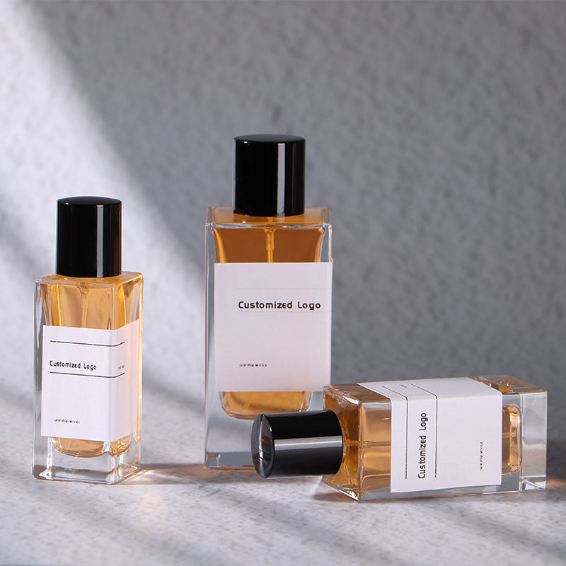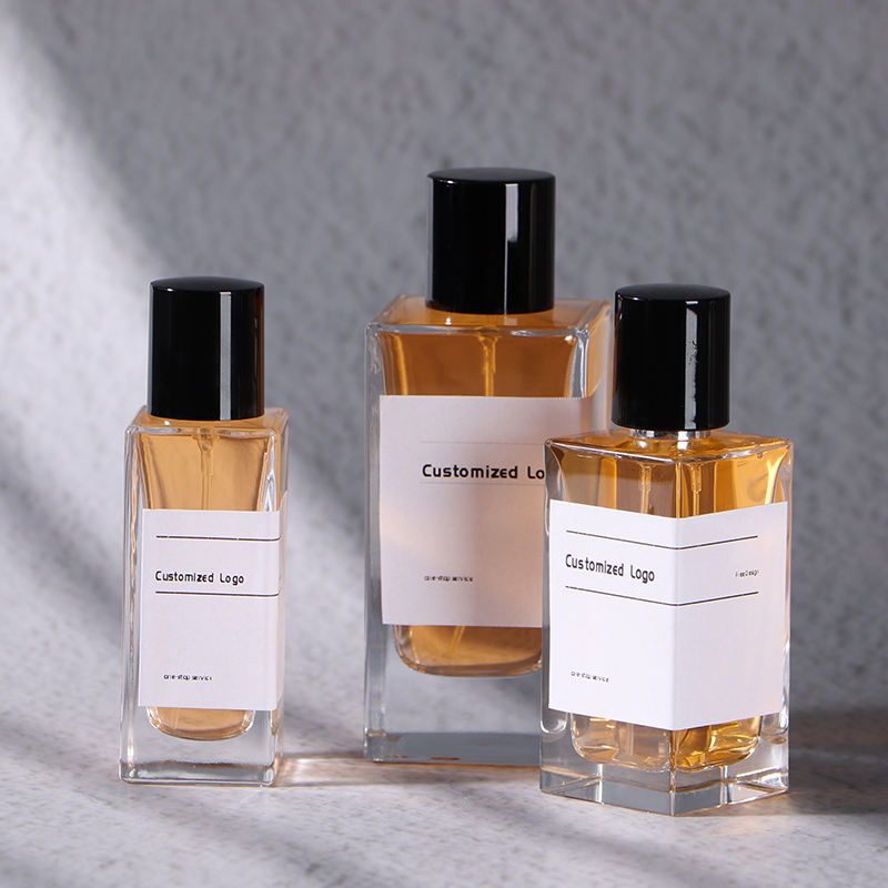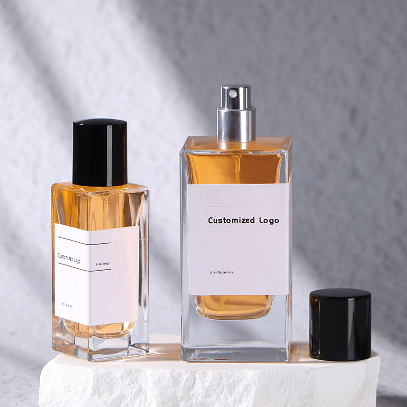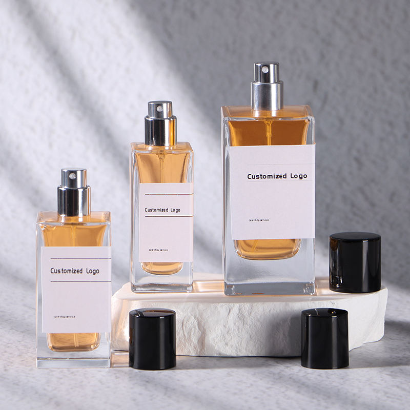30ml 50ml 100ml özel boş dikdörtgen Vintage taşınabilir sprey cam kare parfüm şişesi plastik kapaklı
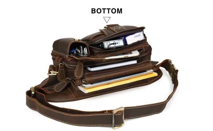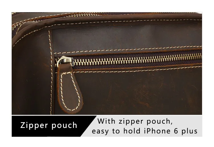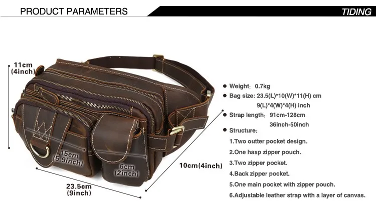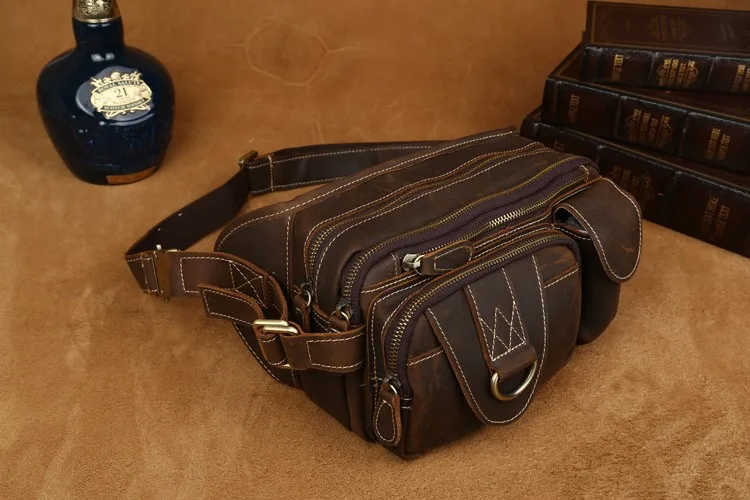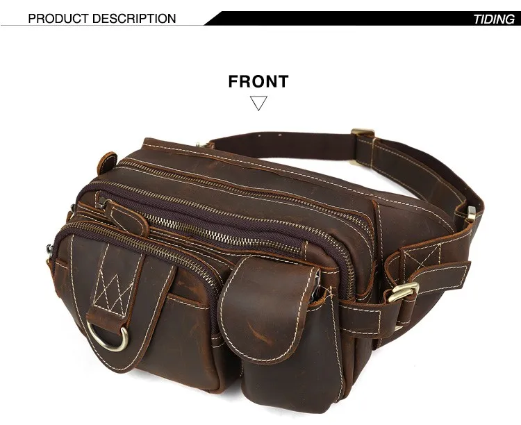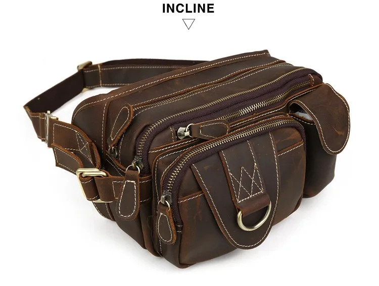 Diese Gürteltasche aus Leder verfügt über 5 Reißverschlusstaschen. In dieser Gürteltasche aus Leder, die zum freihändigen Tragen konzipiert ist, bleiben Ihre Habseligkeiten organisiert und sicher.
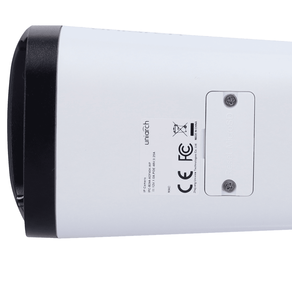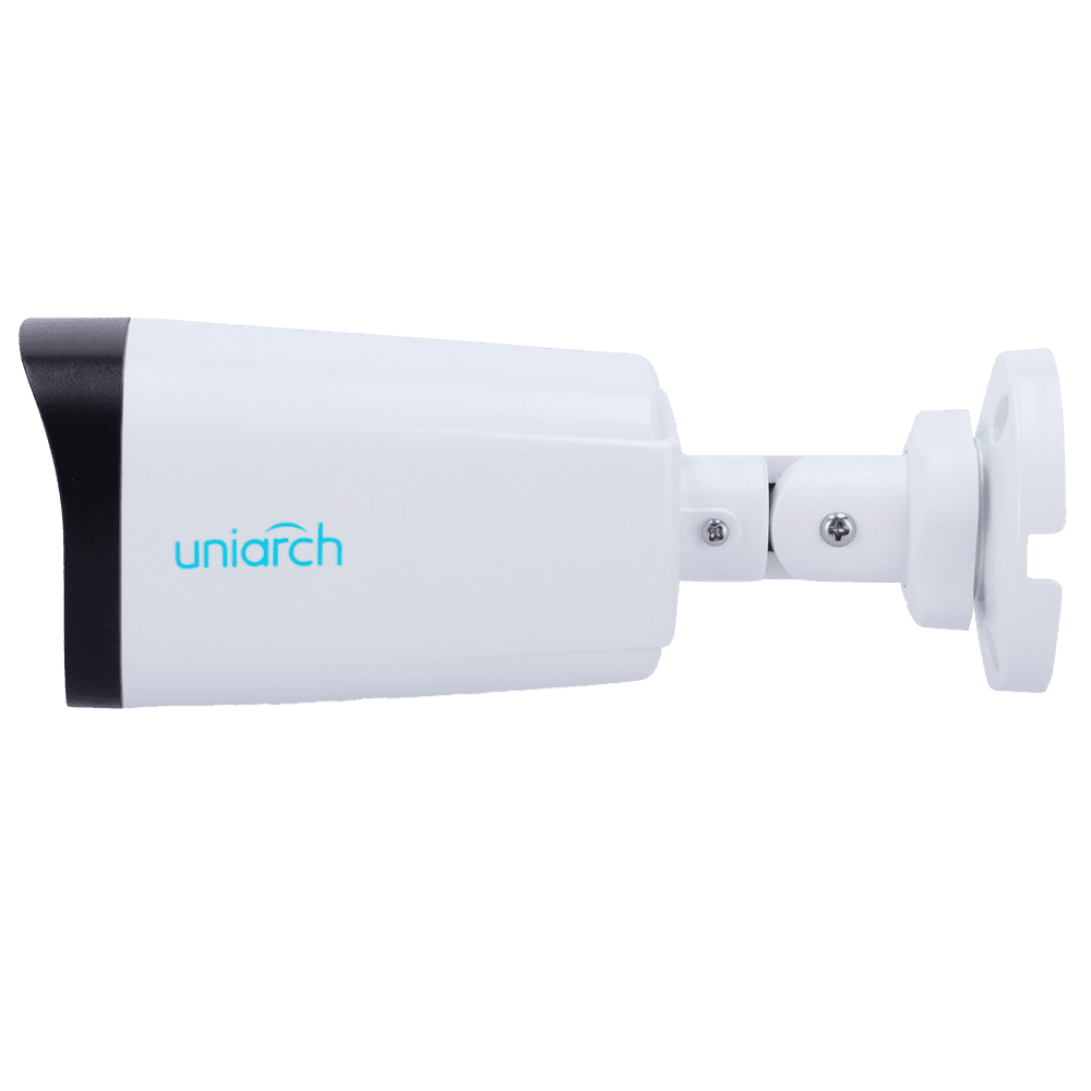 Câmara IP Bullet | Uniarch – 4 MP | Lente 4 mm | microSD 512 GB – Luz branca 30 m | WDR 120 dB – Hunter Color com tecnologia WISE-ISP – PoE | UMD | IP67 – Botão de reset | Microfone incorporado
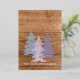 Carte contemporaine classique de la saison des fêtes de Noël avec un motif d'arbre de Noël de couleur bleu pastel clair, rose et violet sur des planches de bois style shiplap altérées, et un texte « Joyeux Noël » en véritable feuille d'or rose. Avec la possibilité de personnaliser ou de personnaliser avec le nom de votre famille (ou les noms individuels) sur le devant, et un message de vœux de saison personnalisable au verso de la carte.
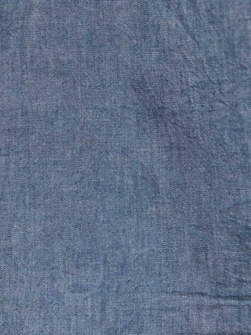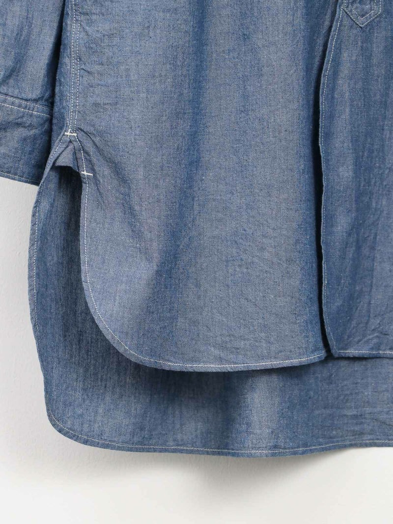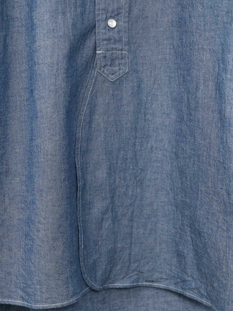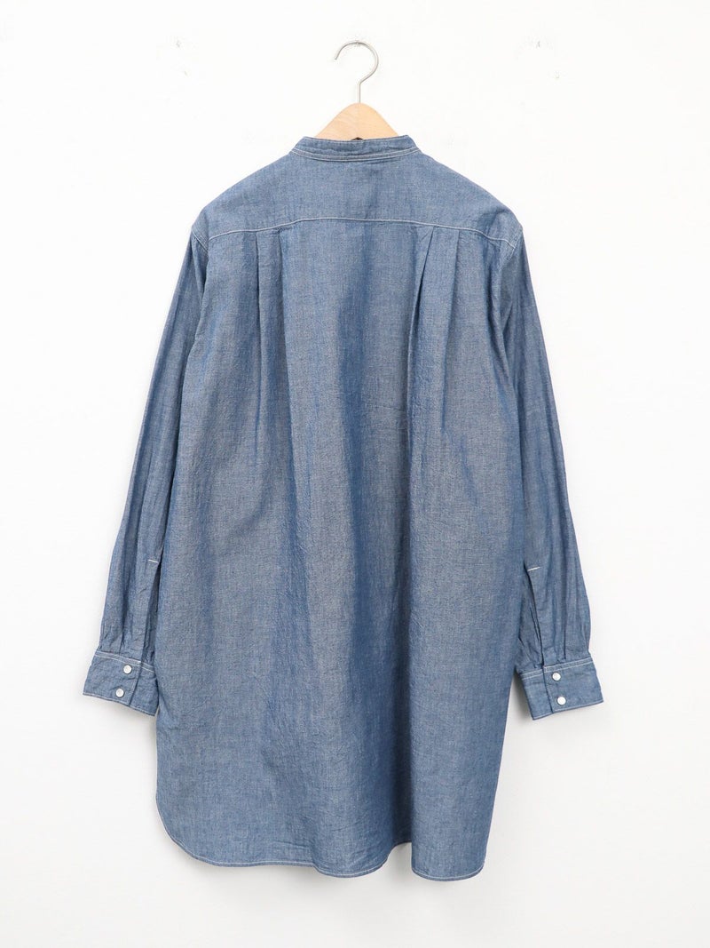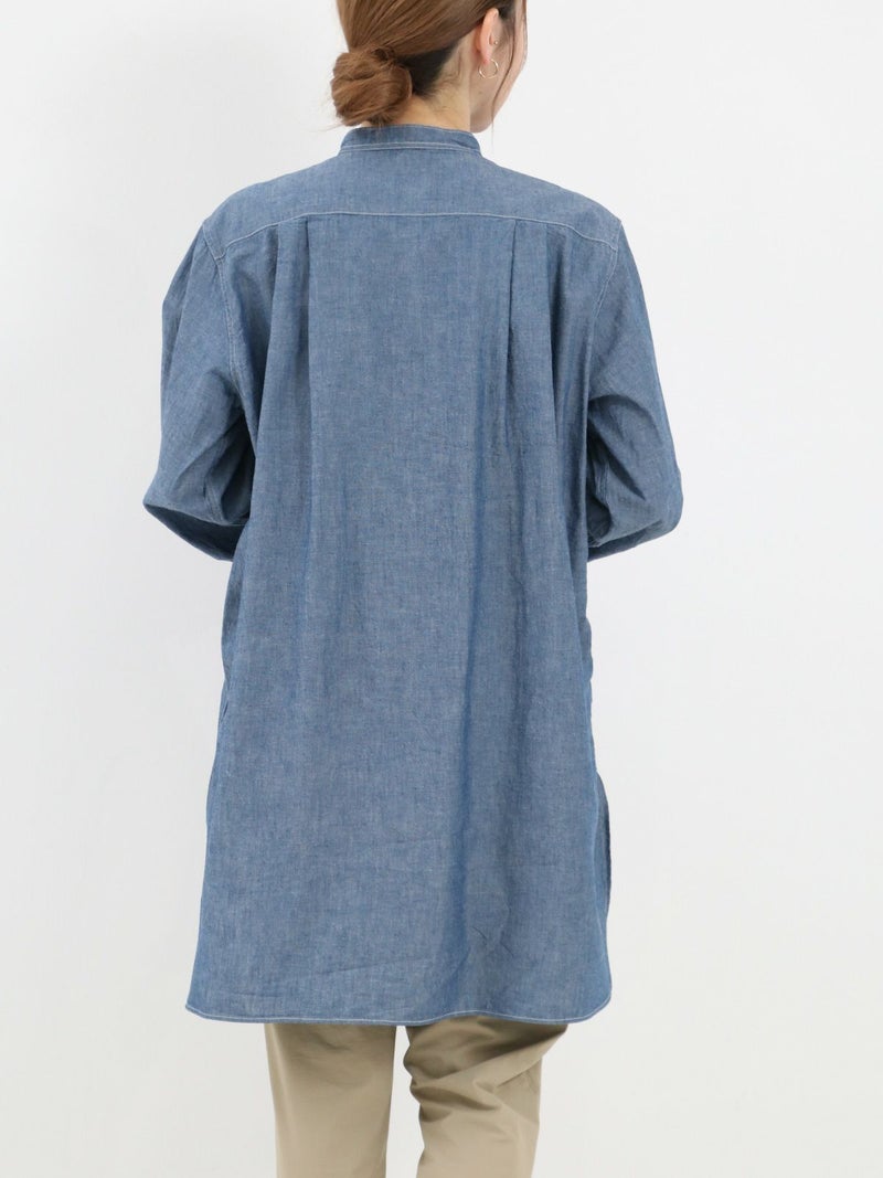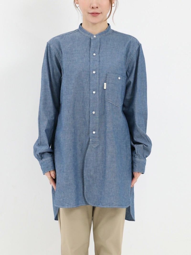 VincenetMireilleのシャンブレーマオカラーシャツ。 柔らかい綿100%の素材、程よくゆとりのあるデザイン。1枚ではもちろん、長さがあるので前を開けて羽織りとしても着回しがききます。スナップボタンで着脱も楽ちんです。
◇ ◇ ◇ ◇ ◇ ◇ ◇
__ABOUT THIS EXERCISE__
Once the pictures are removed, reproduce the remaining entries above exactly.

__YOUR SOLUTION__
30ml 50ml 100ml özel boş dikdörtgen Vintage taşınabilir sprey cam kare parfüm şişesi plastik kapaklı
 Diese Gürteltasche aus Leder verfügt über 5 Reißverschlusstaschen. In dieser Gürteltasche aus Leder, die zum freihändigen Tragen konzipiert ist, bleiben Ihre Habseligkeiten organisiert und sicher.
 Câmara IP Bullet | Uniarch – 4 MP | Lente 4 mm | microSD 512 GB – Luz branca 30 m | WDR 120 dB – Hunter Color com tecnologia WISE-ISP – PoE | UMD | IP67 – Botão de reset | Microfone incorporado
 Carte contemporaine classique de la saison des fêtes de Noël avec un motif d'arbre de Noël de couleur bleu pastel clair, rose et violet sur des planches de bois style shiplap altérées, et un texte « Joyeux Noël » en véritable feuille d'or rose. Avec la possibilité de personnaliser ou de personnaliser avec le nom de votre famille (ou les noms individuels) sur le devant, et un message de vœux de saison personnalisable au verso de la carte.
 VincenetMireilleのシャンブレーマオカラーシャツ。 柔らかい綿100%の素材、程よくゆとりのあるデザイン。1枚ではもちろん、長さがあるので前を開けて羽織りとしても着回しがききます。スナップボタンで着脱も楽ちんです。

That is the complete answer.